Mass. sailor finishes solo circumnavigation

Aboard Mighty Sparrow, his Westsail 32, Rand would routinely see between 50 and 55 knots of breeze in the Southern Ocean, at which times he’d “help” the wind vane steer.

By Bob Muggleston
For Points East

On June 30, aboard his Westsail 32 Mighty Sparrow, Jerome Rand closed the loop he’d begun nearly nine months earlier by sailing into his homeport of Gloucester, Mass. For Rand it was the first time he’d been on land since leaving in the fall of 2017. When I spoke to him nearly two weeks later he said he was still trying to get used to life on land – the ground had finally stopped swaying – but that he was happy to be back in one piece.

Rand’s journey was a grab bag of everything you’d expect on a voyage that included all three capes and a long stint in the Southern Ocean, and for good measure he endured water and food scares. Crossing the Indian Ocean his water supply got as low as two gallons – he became severely dehydrated trying to conserve water while fixing his equipment – and off the coast of New Zealand he saw a picture of himself and realized he’d lost nearly 40 pounds. “Those days were pretty spooky,” Jerome said. “I was cold, skinny as a rail, and the Southern Ocean had been terrifying. Next time I’ll consult someone before provisioning! I’d brought along a lot of snacks but was way short on staples.” Rand eventually had to have a supply drop made off the Falkland Islands in order to continue the trip. Asked what food items he dreamed about most on the trip he laughed. “Probably ham and cheese sandwiches on really fresh bread,” he said. “That, and slices of pizza.”

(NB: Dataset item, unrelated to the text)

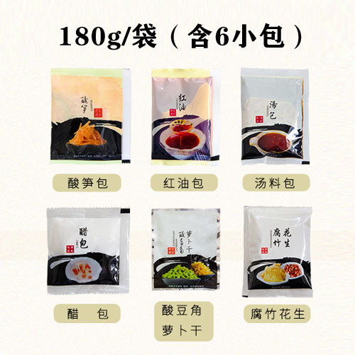 - 原料與配料:湯料包、辣椒油包、腐竹花生包、酸筍包、豆角蘿蔔乾包、醋包
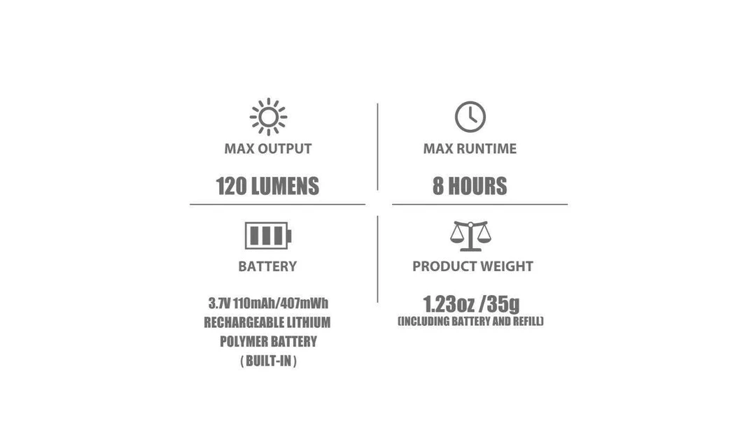 - With a built-in 110mAh rechargeable lithium-polymer battery, the light can run up to 8 hours and be fully charged in less than one hour.

Prior to reaching the Indian Ocean Rand had one of his single scariest moments while rounding the Cape of Good Hope in a storm, the horrible conditions there he attributed to the awful currents that converge. Curiously enough, the Volvo Ocean Race boats had rounded just in front of him, and he said they got beat up pretty badly, too. Rand said he remembers thinking at the time, “I’m going to be down here for how many months!?”

Rand considers himself lucky to have survived the Southern Ocean leg, and said he’d routinely see squalls between 50 and 55 knots, at which time he’d have to “help” his wind vane steer the boat. Short of those wind speeds, he reports, the wind vane handled the boat all the way around. In extreme conditions Rand would run before the wind “like Moitessier,” with either a scrap of jib out or a triple-reefed main. He tried to maintain at least five knots of boat speed at all times in storms for adequate steerage.

Worse than the squalls were the lulls afterwards, in which the wind would shut off – but not the sea state. “The hardest thing was being becalmed,” Rand said. “There’d be these 20-foot swells with no wind, and I couldn’t even leave the mainsail up because it would slat so hard that stuff would break. Sometimes it would last an entire day. It was pure misery.”

When I pointed out that Joshua Slocum (one of Rand’s heroes, along with Moistessier and especially Robin Knox-Johnston, for his ability to push through adversity) didn’t talk much about those days, Rand laughed. “No, he didn’t! He might have once near the end of ‘Sailing Alone,’ but Moitessier would a little bit.” Rand appreciated the “dreamer’s mindset” of Moitessier, and said even as a kid he was enamored by the idea of getting away from civilization.

The trip itself was nearly sidetracked after Hurricane Irma wiped out the Bitter End Yacht Club in Virgin Gorda, where Rand was the water sports director, one month before his scheduled October 2017 departure. “There I was in Maine just sitting with a boat loaded with food and fuel, and I thought, ‘I should just go down there and help.’ I have so many friends down there, so it was tough not to be able to do anything.”

Rand said he chose the Westsail 32 as his vessel after extensive research, and reading how safe the boats were. “I wasn’t trying to break any speed records,” he said. “I just wanted to get around safely.” He chose the name Mighty Sparrow because of his good friendship with the calypso star of the same name in the Caribbean, and because he loved the symbolism, “sparrows being such tiny birds with a huge migratory pattern.”